1-(1-Hydroxyethyl)-7,8-dihydroindolo[2,3-a]pyridine[3,4-g]quinolizin-5(13H)-one (angustoline) monohydrate from Nauclea subdita (Rubiaceae)

S. Y. Liew, M. R. Mukhtar, K. Awang, M. R. Mustafa and S. W. Ng

Abstract top

The title compound (trivial name: angustoline monohydrate), C20H17N3O2·H2O, features a fused-ring system formed by one five- and four six-membered rings. The nearly planar benzimidazole portion (r.m.s. deviation = 0.008 Å) and the nearly planar 2,7-naphthyridin-1-one portion (r.m.s. deviation = 0.022 Å) of the fused-ring system are slightly twisted, with a dihedral angle of 9.47 (8)°, owing to the tetrahedral nature of the two methylene linkages in the central six-membered ring. The secondary N atom acts as a hydrogen-bond donor to the water molecule of crystallization. In the crystal, the amino and hydroxy groups, and the water molecule are engaged in hydrogen bonding, generating a three-dimensional network.

Comment top

The alkaloid angustoline has been isolated from a number of plants: Camptotheca acuminata (Carte et al., 1990; Lin et al., 1988), Nauclea latifolia (Kakuguchi et al., 2009; Hotellier et al., 1975), Nauclea officinalis (Fan et al., 2010; Sun et al., 2008; Xuan et al., 2007), Nauclea orientalis (Erdelmeier et al., 1992), Nauclea pobeguinii (Zeches et al., 1985), Sarcocephalus latifolius (Abreu & Pereira, 1998; 2001) and Strychnos angustiflora (Au et al., 1973).
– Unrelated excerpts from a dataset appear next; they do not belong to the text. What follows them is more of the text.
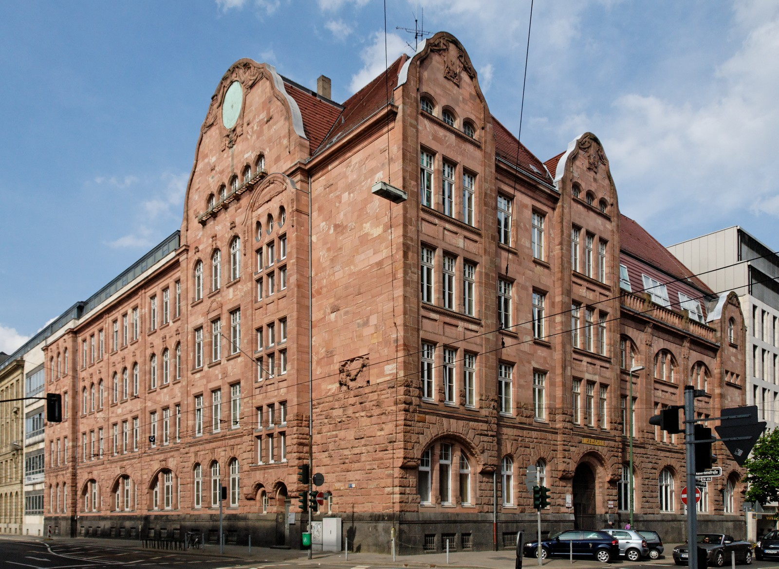 Luisen Gymnasium in Düsseldorf-Stadtmitte, Germany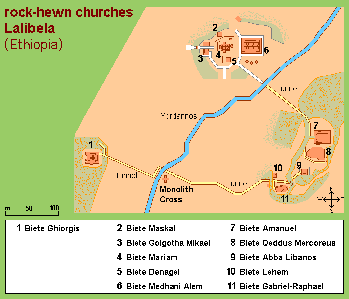 Map (rough) of Lalibela, Etiopia, own work composed from various mapreferences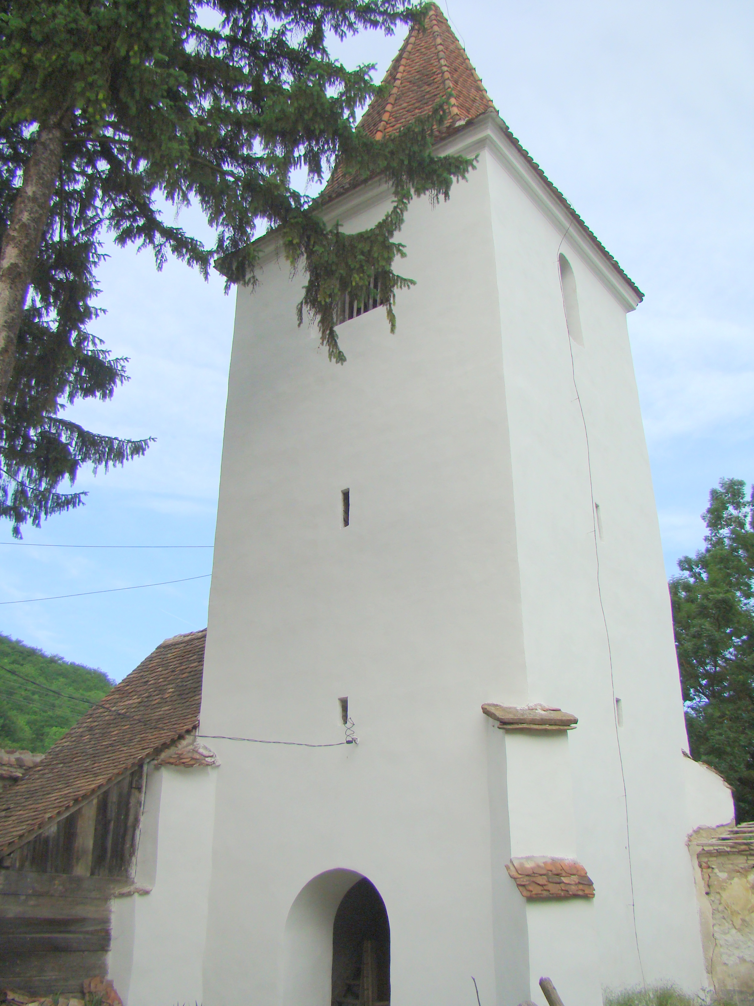 Lutheran church in Seleuș (Zagăr), Mureș county, Romania

The alkaloid is isolated in the crystalline form as a monohydrate (Scheme I). The planar benzimidazole portion and the planar 2,7-naphthyridin-1-one portion of the fused-ring system are slightly twisted [dihedral angle 9.47 (8)°] owing to the tetrahedral nature of the two methylene linkages (Fig. 1). The secondary N atom is hydrogen-bond donor to the water molecule. The amino and hydroxy groups, and the lattice water molecule are engaged in hydrogen bonding to furnish a three-dimensional network (Table 1).

Related literature top

For the isolation of the title compound from other plants, see: Abreu & Pereira (1998, 2001); Au et al. (1973); Carte et al. (1990); Erdelmeier et al. (1992); Fan et al. (2010); Hotellier et al. (1975); Kakuguchi et al. (2009); Lin et al. (1988); Sun et al. (2008); Xuan et al. (2007); Zeches et al. (1985).

Experimental top

Nauclea subdita (Rubiaceae) was collected from Bukit Kinta forest reserve, Chemor, Perak, Malaysia, and specimens were deposited at the Herbarium, Department of Chemistry, University of Malaya.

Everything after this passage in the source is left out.